#### What to produce:
Copy exactly, from the beginning of the material below, every line up to and including the one holding "Размер модели –", with the pictures left out.

[Opening Extracted information section]

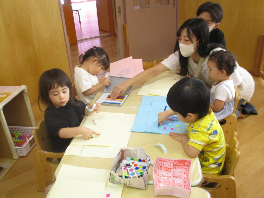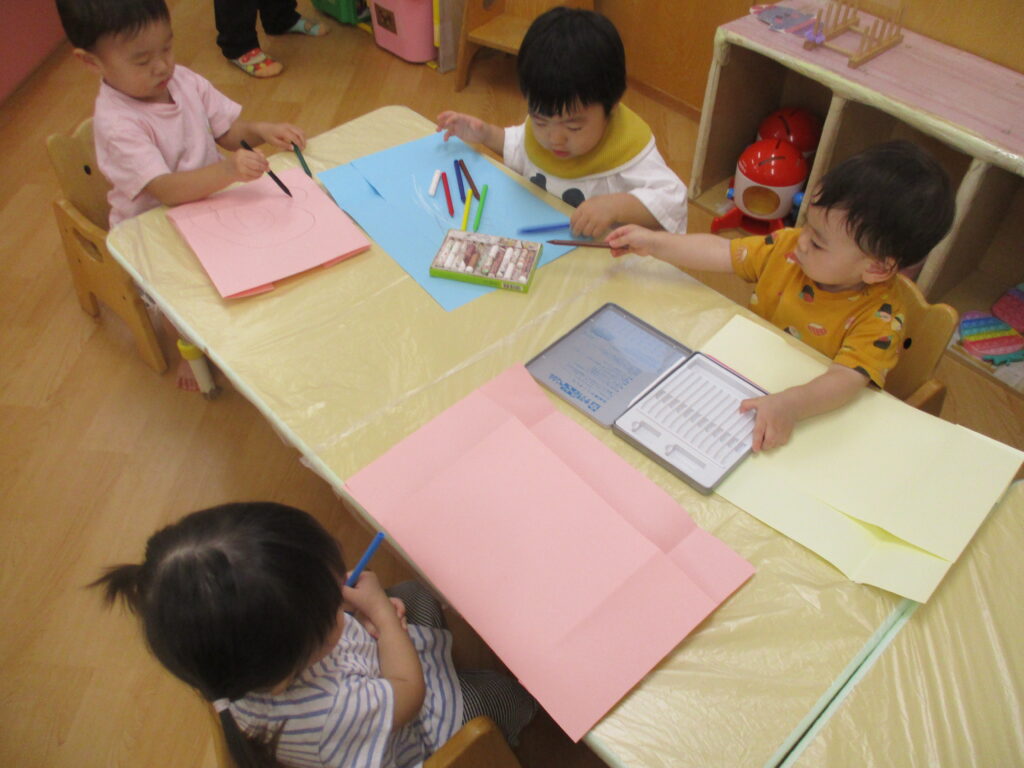 お次は~お部屋に移動して、画用紙でカバンを作る前に、自由にお絵描きをしたり好きなシールを貼ったりして楽しく飾りつけをしていました。 完成したカバンがどんなふうになるか、みんなワクワクしている様子でしたよ✨
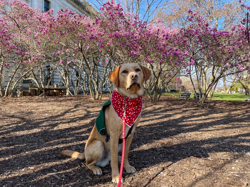 A 16-month-old yellow Labrador retriever named Darby sits facing the camera. He is wearing his green Seeing Eye puppy vest and a red floral bandana. He is sitting on wood chips and behind him is grass and a row of cherry blossom trees with bright pink flowers.
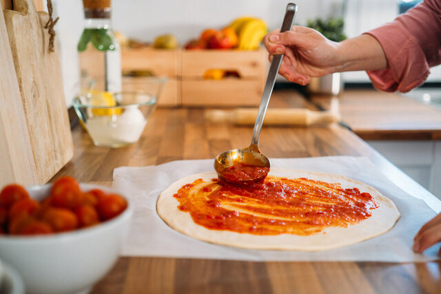 10 dakika sonra hafif pişen hamuru fırından çıkarıp, hazırladığınız domates sosundan üzerine sürün. Pizza sosunu, domates sosuna, fesleğen, kekik, sarımsak ve zeytinyağı ekleyerek hazırlayabilirsiniz.
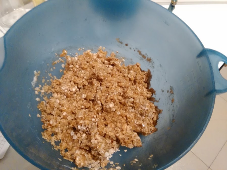 En un bowl mezclamos con una espátula o cuchara de palo los ingredientes secos (copos de avena, harina, azúcar moreno, levadura y sal).
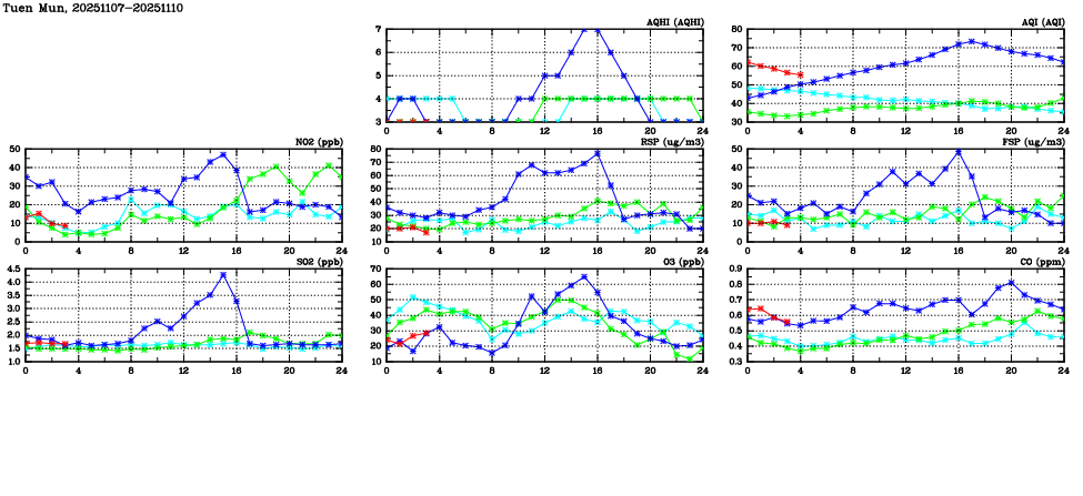 | Air Quality Data Time Series in Tuen Mun (2025/11/10) | ( Line colors: Day -3 Day -2 Day -1 Current day ) | 2D Map Current AQHI |
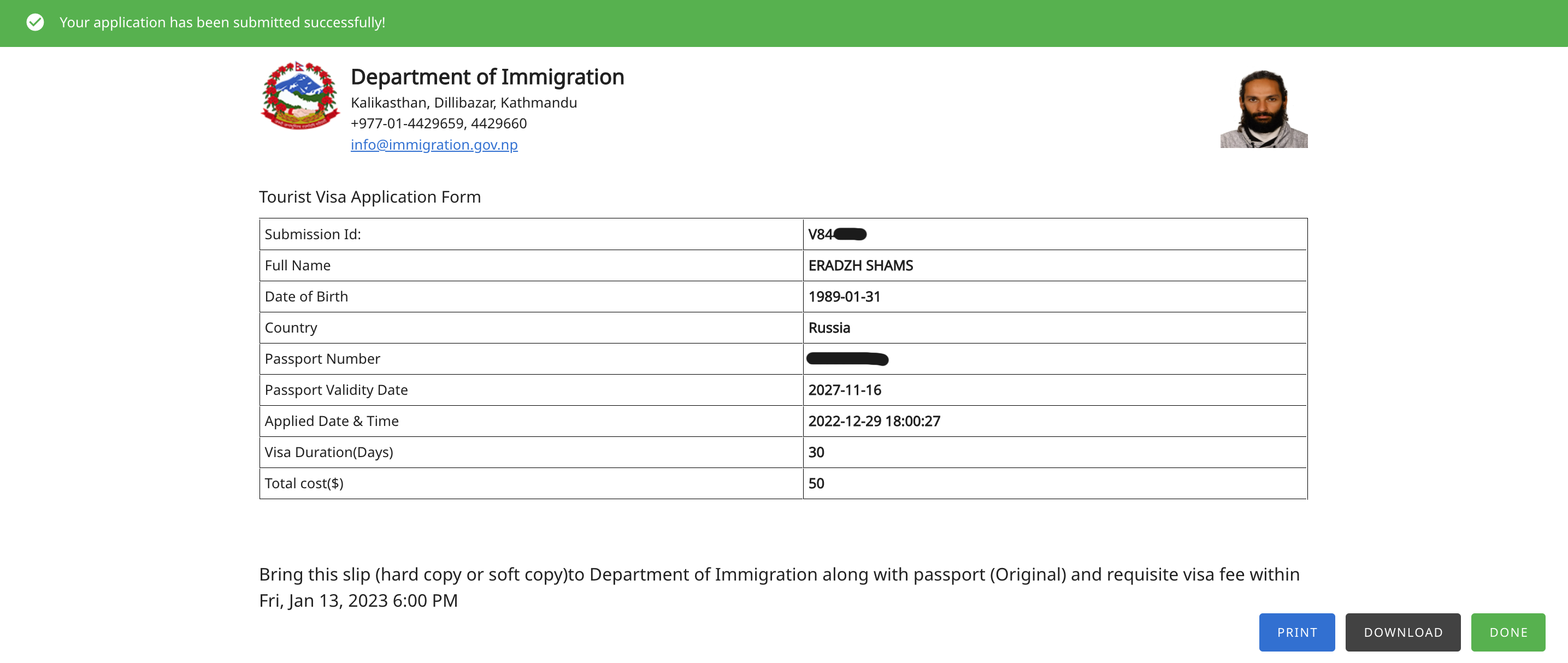- Заграничный паспорт, срок действия которого заканчивается не менее чем через 4 месяца с даты прилёта в Непал
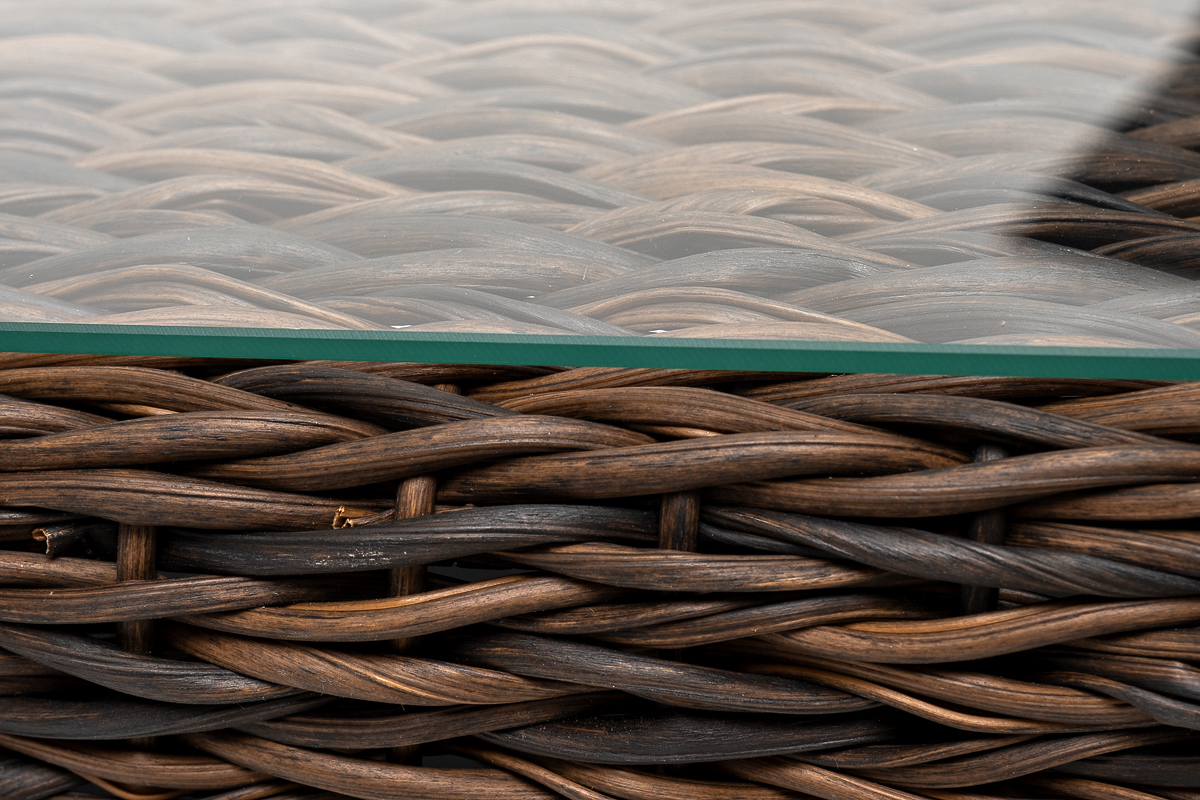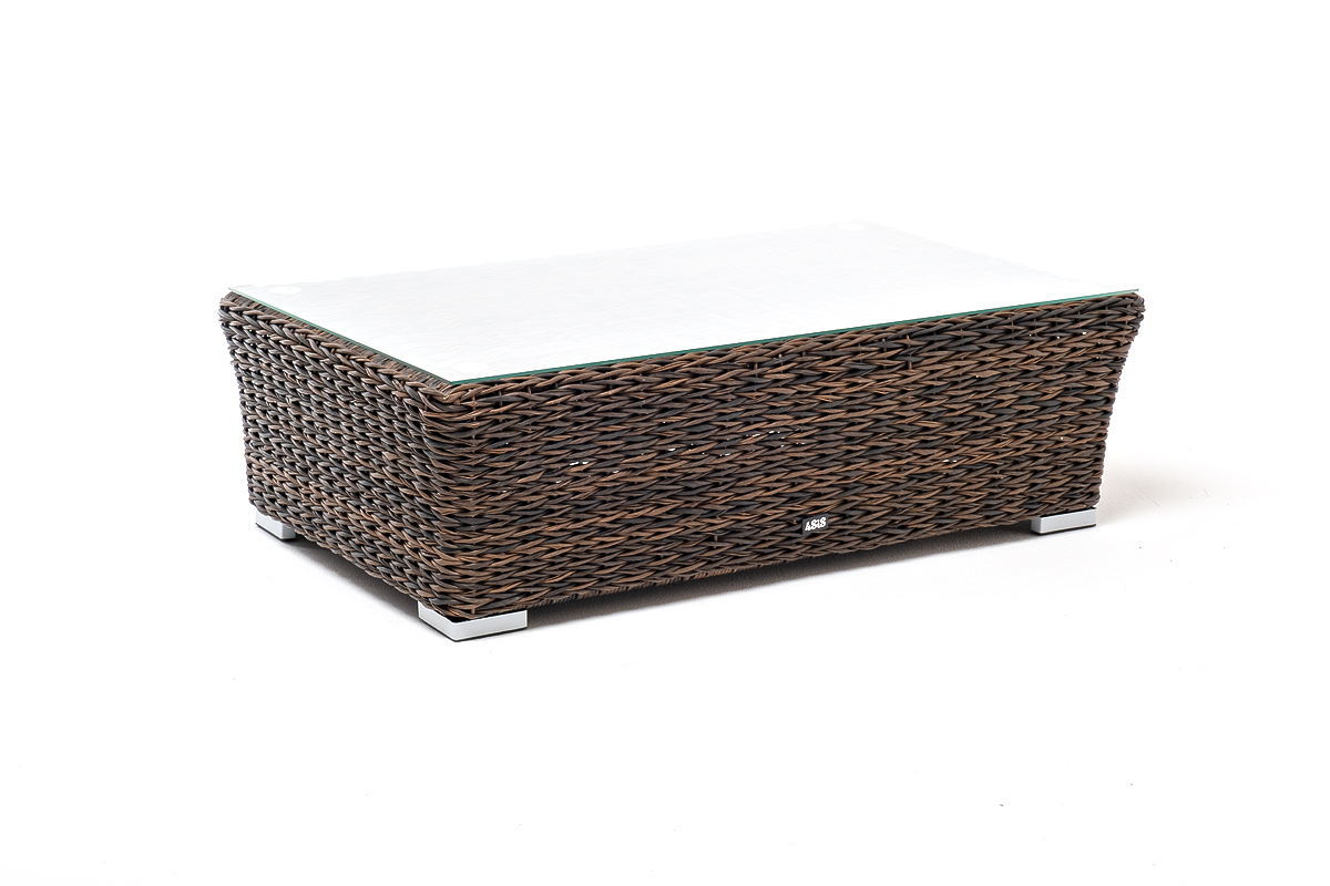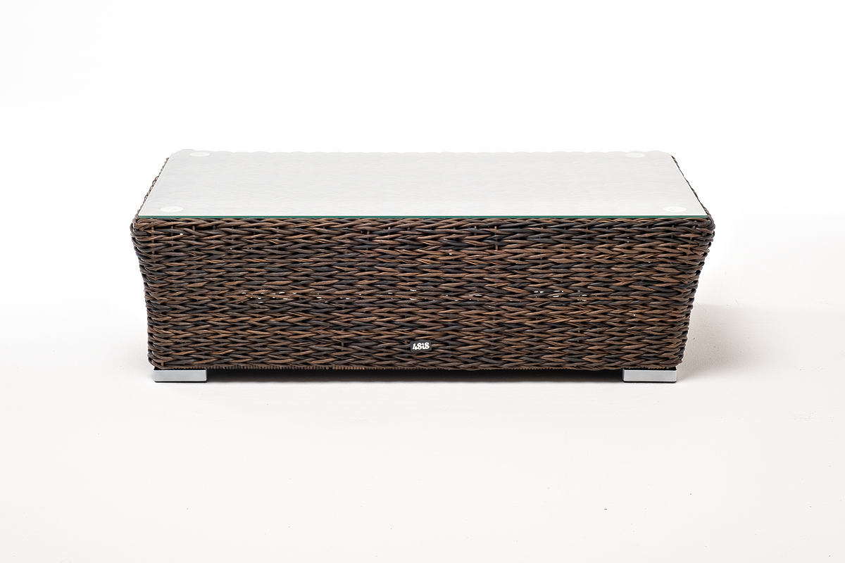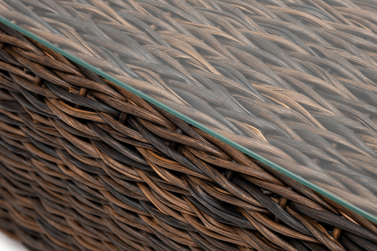 Размер модели – 1100×660×340 мм. Устойчивость и прочность ей придает каркас, выполненный из высококачественного алюминия. Каркас оплетен вручную с помощью искусственного ротанга вида "гиацинт". Мебель выполнена в коричневом цвете.
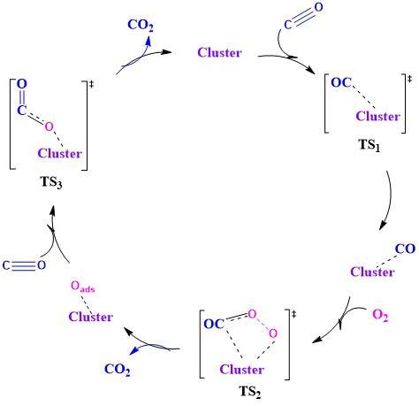 El mecanismo general, incluyendo cada una de las etapas, permite establecer las interacciones de cada uno de los adsorbatos en la superficie de cada clúster. En este sentido, en las Figuras 4 y 5 se muestra la ruta de reacción, incluyendo los estados de transición, de la formación de dióxido de carbono a partir de los sustratos de CO y O2 usando cada uno de los clústeres seleccionados. Se puede apreciar que la reacción se divide en dos etapas: la primera relacionada con la adsorción de una molécula de monóxido de carbono y su oxidación a dióxido de carbono, y luego, la formación de un intermedio oxígeno-clúster que conduce a una descompensación de la superficie del material. En la segunda etapa de la reacción, otra molécula de CO se adsorbe sobre el intermedio oxígeno-clúster y, por último, ocurre una segunda desorción de una molécula de CO2. Como era de esperarse, por cada molécula de oxígeno se producirán dos moléculas de dióxido de carbono generando una alta productividad en los clústeres estudiados. Sin embargo, tanto en los estados de transición como en los intermediarios generados en la adsorción preferencial de oxígeno, cambia drásticamente la adsorción y esto se puede observar en las barreras energéticas obtenidas para cada material.
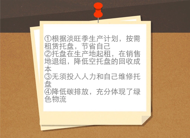 ①根据淡旺季生产计划,按需租赁托盘,节省自己
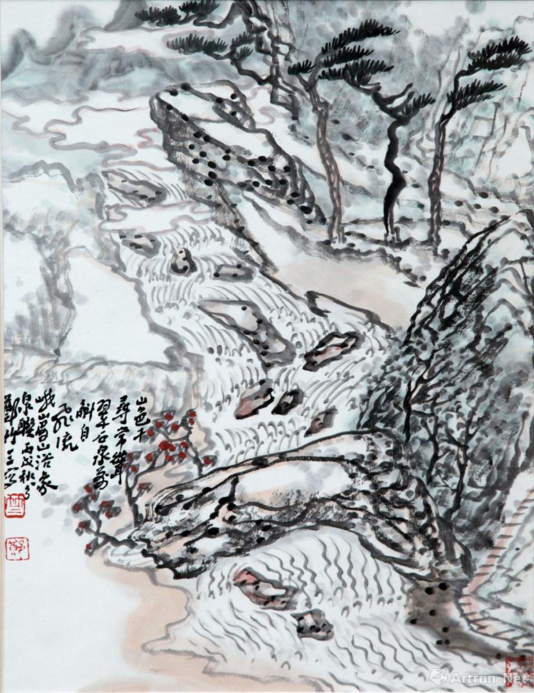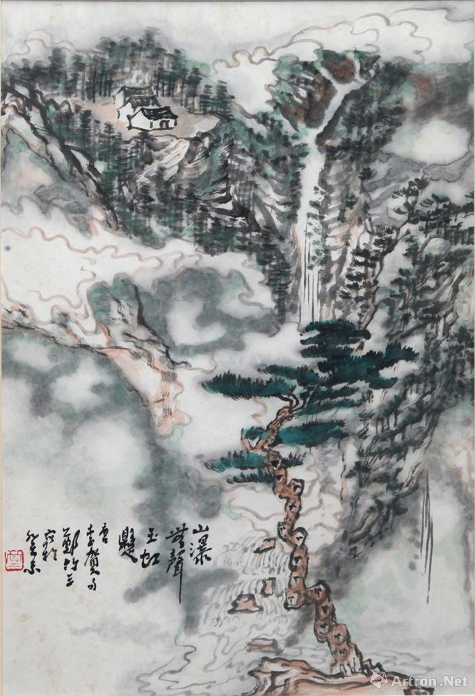 山瀑无声玉虹悬
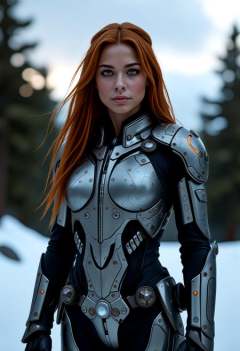 vikingpunk style  mature  resilient female (XX) mexican, caramel skin, hazel eyes, character, Lean build, extra long straight down ginger hair, ,, wearing a steel gray mechanized cyberpunk exosuit, thunderhide boots, hydraulic exosuit, set in  the imposing asgardian-palace, a gleaming structure of polished metal and rune-etched crystal, rising above the vikingpunk metropolis, seat of power and symbol of ambition. a hidden path through a snow-covered-forest, leading to a secluded cabin or a forgotten shrine, shrouded in mystery and whispering secrets to the wind. , at dusk,,   <lora:flux_trainer/moxiePunk_v4D>
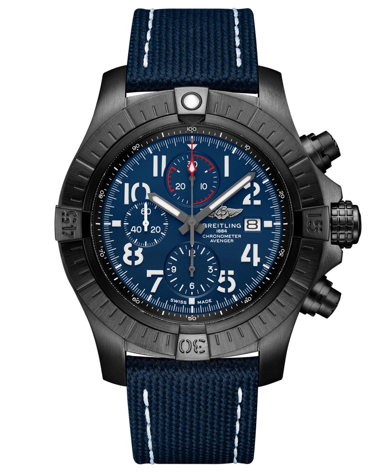 Смелый дизайн, чрезвычайно прочная конструкция и ударопрочность стали отличительными чертами модели Super Avenger Chronograph 48 Night Mission, которая уже успела завоевать невероятную популярность. Будучи настоящим представителем семейства Avenger, эти часы Breitling подходят для ношения с перчатками и гарантируют пилоту-любителю беспрецедентный уровень безопасности и надежности.
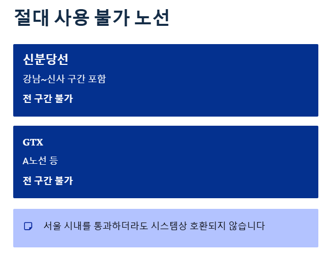 아래 노선은 서울 시내를 통과하더라도 시스템상 호환되지 않습니다.
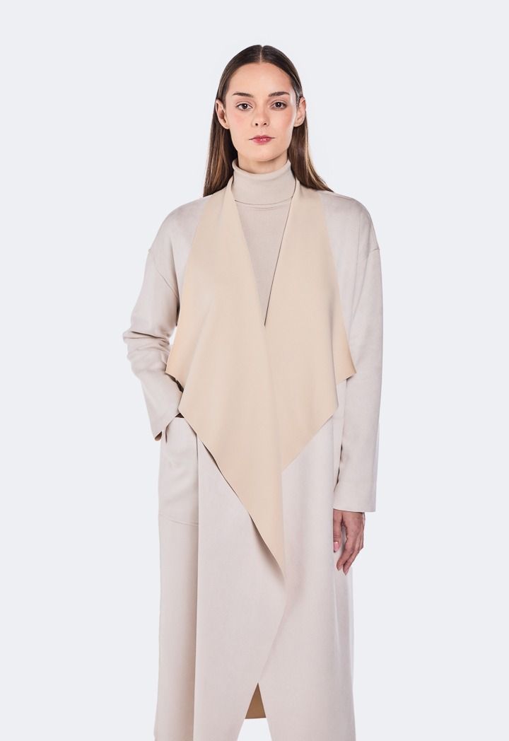 Design: Solid, Velvet, Drop Shoulder, Draped Front. Patch Pockets
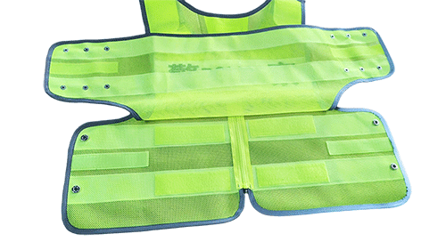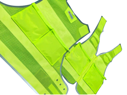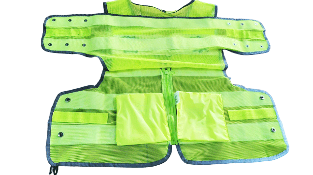 具有整潔美觀,平服的特點,線路規(guī)整,左右對稱,無開線、斷線、跳線、毛露、線頭、污漬、殘疵。產(chǎn)品基底顏色為熒光黃色;反光帶顏色為銀白色;縫紉線顏色應(yīng)與縫合部位的基底材料或反光材料顏色相匹配;前后晶格標(biāo)識可絲印定制文字

[Closing Extracted information section]

#### Answer for this exercise:
 お次は~お部屋に移動して、画用紙でカバンを作る前に、自由にお絵描きをしたり好きなシールを貼ったりして楽しく飾りつけをしていました。 完成したカバンがどんなふうになるか、みんなワクワクしている様子でしたよ✨
 A 16-month-old yellow Labrador retriever named Darby sits facing the camera. He is wearing his green Seeing Eye puppy vest and a red floral bandana. He is sitting on wood chips and behind him is grass and a row of cherry blossom trees with bright pink flowers.
 10 dakika sonra hafif pişen hamuru fırından çıkarıp, hazırladığınız domates sosundan üzerine sürün. Pizza sosunu, domates sosuna, fesleğen, kekik, sarımsak ve zeytinyağı ekleyerek hazırlayabilirsiniz.
 En un bowl mezclamos con una espátula o cuchara de palo los ingredientes secos (copos de avena, harina, azúcar moreno, levadura y sal).
 | Air Quality Data Time Series in Tuen Mun (2025/11/10) | ( Line colors: Day -3 Day -2 Day -1 Current day ) | 2D Map Current AQHI |
- Заграничный паспорт, срок действия которого заканчивается не менее чем через 4 месяца с даты прилёта в Непал
 Размер модели – 1100×660×340 мм. Устойчивость и прочность ей придает каркас, выполненный из высококачественного алюминия. Каркас оплетен вручную с помощью искусственного ротанга вида "гиацинт". Мебель выполнена в коричневом цвете.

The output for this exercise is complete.